## Exercise
Copy out each line of the material exactly. Pictures do not belong in the copy.

## Data excerpt

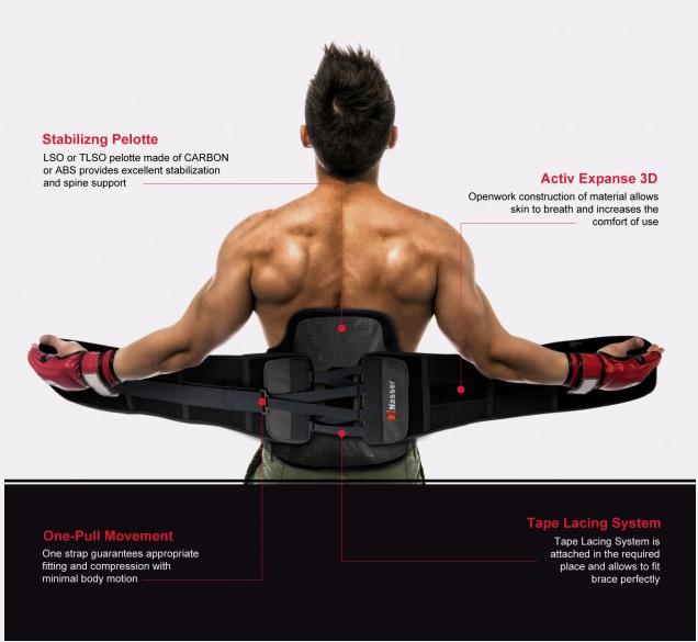 The TLS System is a combination of metal grommets, nylon tapes and Velcros. The additional equipment is the special element that is easy to attach what allows to modify device’s shape or circumference. You can achieve required compression with a single pull strap. One easy pull securely forms the brace to the patient’s torso and provides intra-abdominal compression, reducing the load on intervertebral discs.
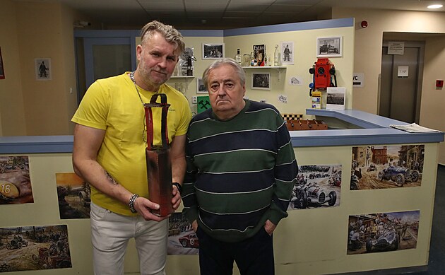Aktivizační pracovník Domova Alzheimer Darkov v Karviné Štefan Rawek (vlevo) a klient Milan Kubica při reminiscenční terapii.
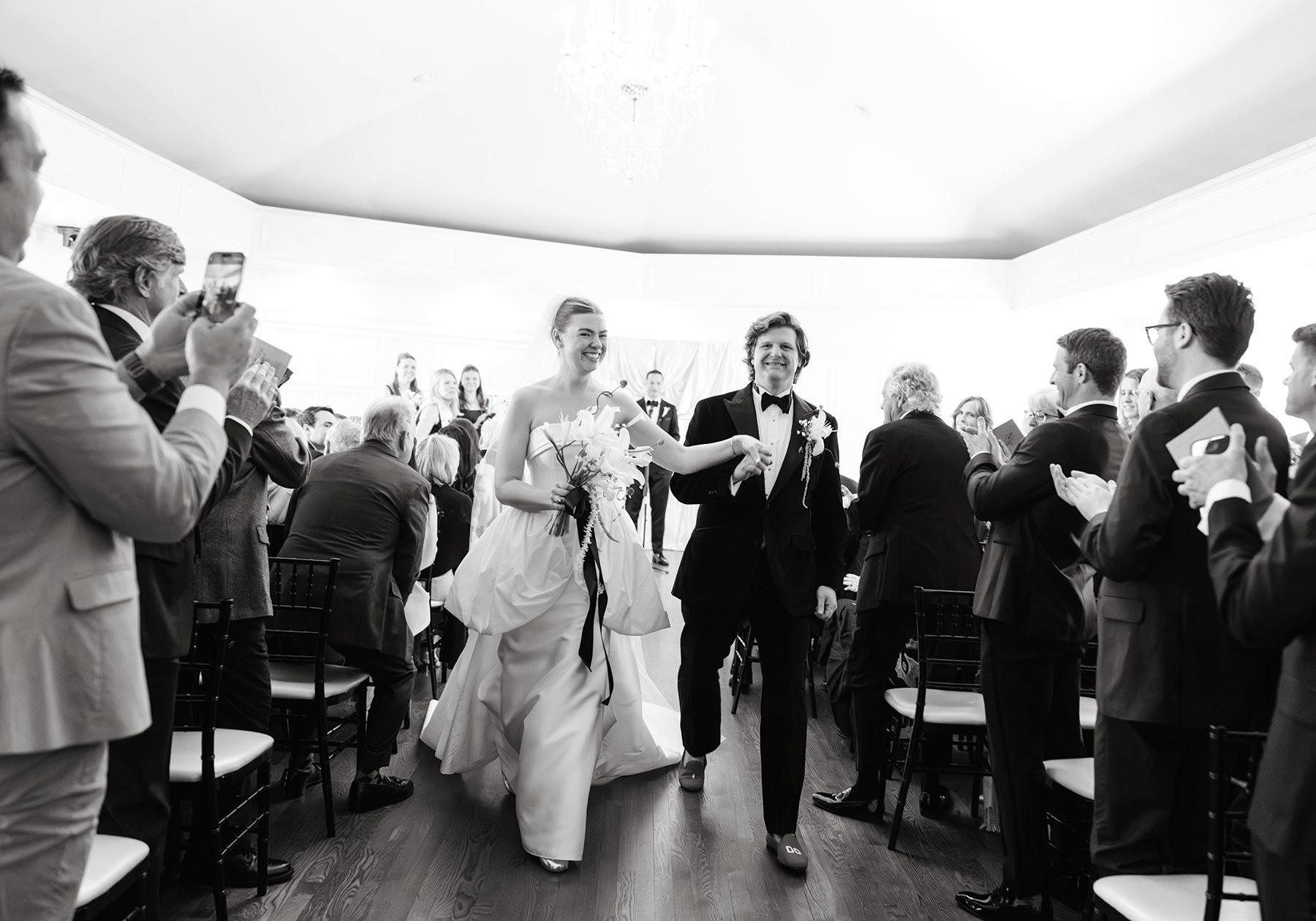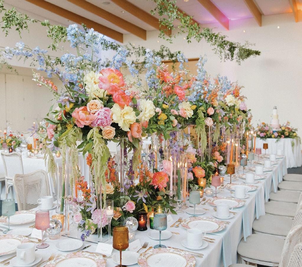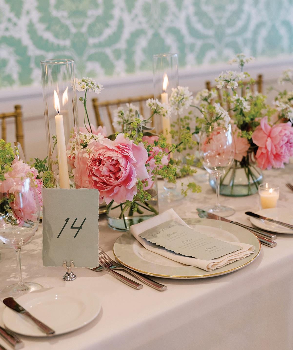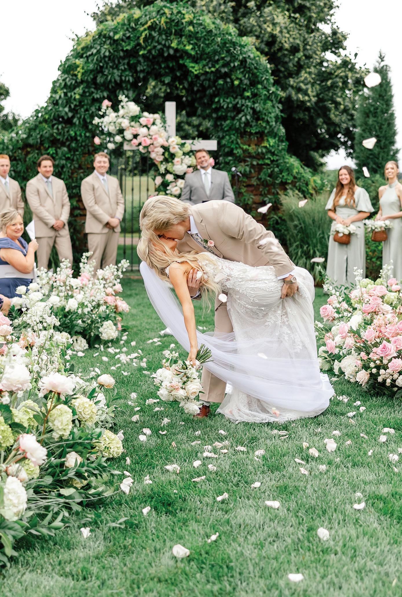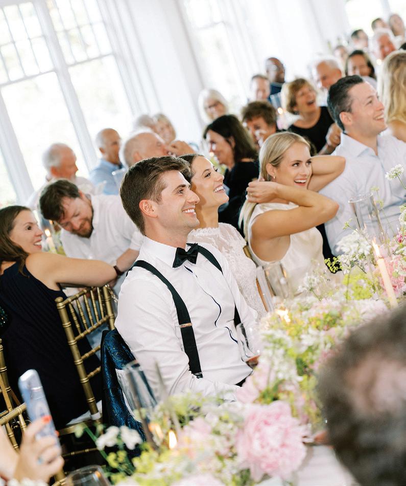 Meredith and Daniel’s wedding was a luminous celebration of love, faith and family, radiating timeless spring elegance. Their story began in college and over seven years, with more than five spent apart, they nurtured their bond through heartfelt letters. These cherished notes became a central theme of the day, inspiring table numbers, a seating chart and a vintage mailbox card box that celebrated their unique journey. Drawing inspiration from the soft beauty of spring, the couple chose a coastal palette of blues, crisp whites and hints of green and silver. The ceremony at Westminster Presbyterian Church reflected the depth of their faith, culminating in a joyful grand exit beneath ringing bells and waving streamers before departing in Daniel’s family’s vintage 1950s Rolls-Royce. The reception at The Beach Club blended romance with waterside sophistication. Whimsical, flowing floral designs in shades of blue, green and neutrals graced the space in clear vases, chinoiserie vessels and silver urns. Layered linens in floral, striped and velvet patterns added texture and visual interest to every table. Guests sipped signature cocktails, toasted with champagne and enjoyed a string quartet during cocktail hour before dancing to a live band under candlelight and shimmering lake views. Every detail, from curated desserts and personalized touches to the soft, ethereal lighting, spoke to the couple’s love story and the legacy of their families. The day was not only a reflection of Meredith and Daniel’s enduring devotion, but a testament to the beauty of love, connection and celebration. — Laura Cross

## Output for this task
 The TLS System is a combination of metal grommets, nylon tapes and Velcros. The additional equipment is the special element that is easy to attach what allows to modify device’s shape or circumference. You can achieve required compression with a single pull strap. One easy pull securely forms the brace to the patient’s torso and provides intra-abdominal compression, reducing the load on intervertebral discs.
Aktivizační pracovník Domova Alzheimer Darkov v Karviné Štefan Rawek (vlevo) a klient Milan Kubica při reminiscenční terapii.
 Meredith and Daniel’s wedding was a luminous celebration of love, faith and family, radiating timeless spring elegance. Their story began in college and over seven years, with more than five spent apart, they nurtured their bond through heartfelt letters. These cherished notes became a central theme of the day, inspiring table numbers, a seating chart and a vintage mailbox card box that celebrated their unique journey. Drawing inspiration from the soft beauty of spring, the couple chose a coastal palette of blues, crisp whites and hints of green and silver. The ceremony at Westminster Presbyterian Church reflected the depth of their faith, culminating in a joyful grand exit beneath ringing bells and waving streamers before departing in Daniel’s family’s vintage 1950s Rolls-Royce. The reception at The Beach Club blended romance with waterside sophistication. Whimsical, flowing floral designs in shades of blue, green and neutrals graced the space in clear vases, chinoiserie vessels and silver urns. Layered linens in floral, striped and velvet patterns added texture and visual interest to every table. Guests sipped signature cocktails, toasted with champagne and enjoyed a string quartet during cocktail hour before dancing to a live band under candlelight and shimmering lake views. Every detail, from curated desserts and personalized touches to the soft, ethereal lighting, spoke to the couple’s love story and the legacy of their families. The day was not only a reflection of Meredith and Daniel’s enduring devotion, but a testament to the beauty of love, connection and celebration. — Laura Cross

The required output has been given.